I've witnessed firsthand the cost of missing this crucial element. In previous roles, I've seen teams trapped in the machinery of pure execution—companies where every goal was achievable (or unknowingly impossible, which ironically feels the same), every metric was reasonable (or simply ignored), and every quarter was predictable (predictably good or predictably bad). The result? Teams that weren't just unmotivated; they were existentially fatigued. Without that higher creative tension, work became a mere checklist of deliverables. I watched talented engineers, including myself, resign en masse, not because the work was too hard, but because it wasn't hard enough in the right way. It lacked that vital spark that transforms routine development into creative exploration.

Back to Arke, we're not trying to become the next SAP—that summit has already been climbed. Instead, we orbit around a more elusive ideal: an ERP system that achieves perfect harmony between power and simplicity, between standardization and flexibility, between automation and human judgment. This isn't just about shooting for the stars; it's about maintaining a creative tension that transforms our team daily.

This tension manifests in fascinating ways. When our developers tackle a new feature, they're not just implementing requirements—they're engaging with this larger impossible ideal. Each solution becomes a creative act, an attempt to narrow the gap between current limitations and our ultimate vision. The very impossibility of achieving perfection keeps us innovative, preventing us from settling for "good enough."

Our sprint goals are concrete and achievable: improve performance by X%, reduce cognitive load in specific workflows, reduce onboarding time. But these tactical objectives exist within the gravitational pull of our larger vision. Like Lacan's concept of desire, this vision isn't something we expect to fully realize—its power lies precisely in its unattainability.
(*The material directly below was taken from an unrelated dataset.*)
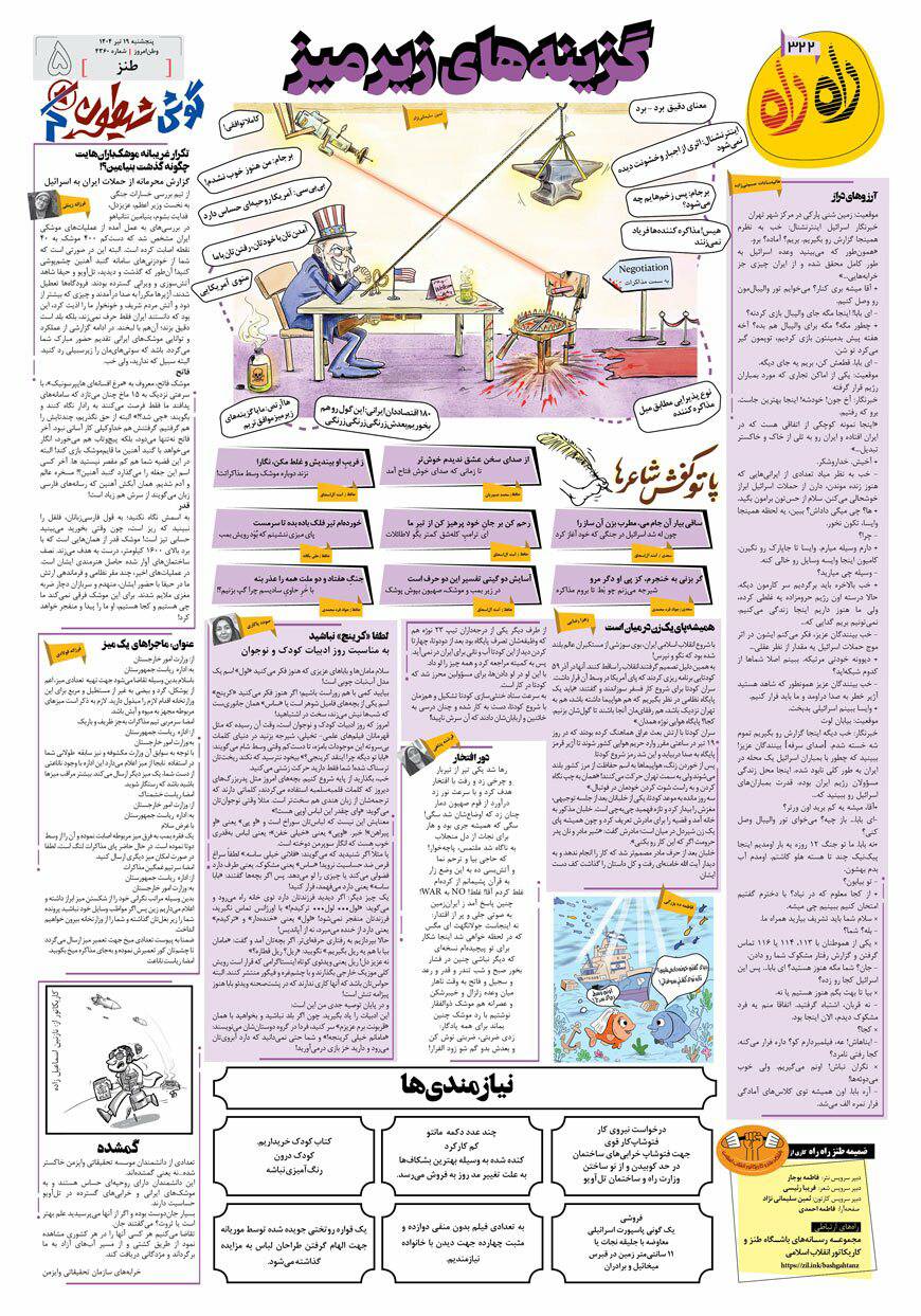 سیصد و بیست و دومین شماره ضمیمه هفتگی طنز راهراه در روزنامه وطن امروز، صبح امروز -۱۹تیر- منتشر شد. در این شماره از راهراه، گزینه های زیر میز مذاکره و موضوعات روز را زیر ذرهبین بردهایم. طنزها، اشعار و کاریکاتورهای راهراه را از دست ندهید

This approach has profound implications for team motivation and creativity. When you're chasing a possible goal—even an ambitious one—reaching it can lead to a kind of creative death. But when you're in dialogue with an impossible ideal, each achievement becomes part of an ongoing transformation. Our teams aren't demoralized by the impossibility; they internalized it and are paradoxically energized by it. Each incremental improvement is celebrated, while the tension that drives innovation remains generative.

And most importantly, any idea can be discussed, no matter how “out there”, because we have no reason to be scared by them.

The results speak for themselves. Our ERP solution has evolved in ways we couldn't have predicted, incorporating innovations that emerged from this creative tension. We've designed features that transcend the traditional boundaries of ERP systems, not because we set out to disrupt the market, but because we remained in dialogue with our impossible ideal and with customers.

The relationship with customers evolves as well - while their ideas may sometimes seem bizarre or hyper-specific, our comfort with embracing the impossible allows us to truly listen and distill valuable insights we might otherwise miss.

This is what true innovation looks like in software development—not a linear path toward a predetermined goal, but a continuous orbit around an unattainable vision that transforms both the product and the team creating it. It's about maintaining that delicate balance between achievable milestones and impossible dreams, between the practical and the ideal.

As we continue building Arke's ERP platform, we embrace this creative tension. Our success isn't measured by whether we achieve our ultimate vision—that's not the point. Success is in how this vision shapes our journey, drives our innovation, and continuously transforms our understanding of what's possible in enterprise software.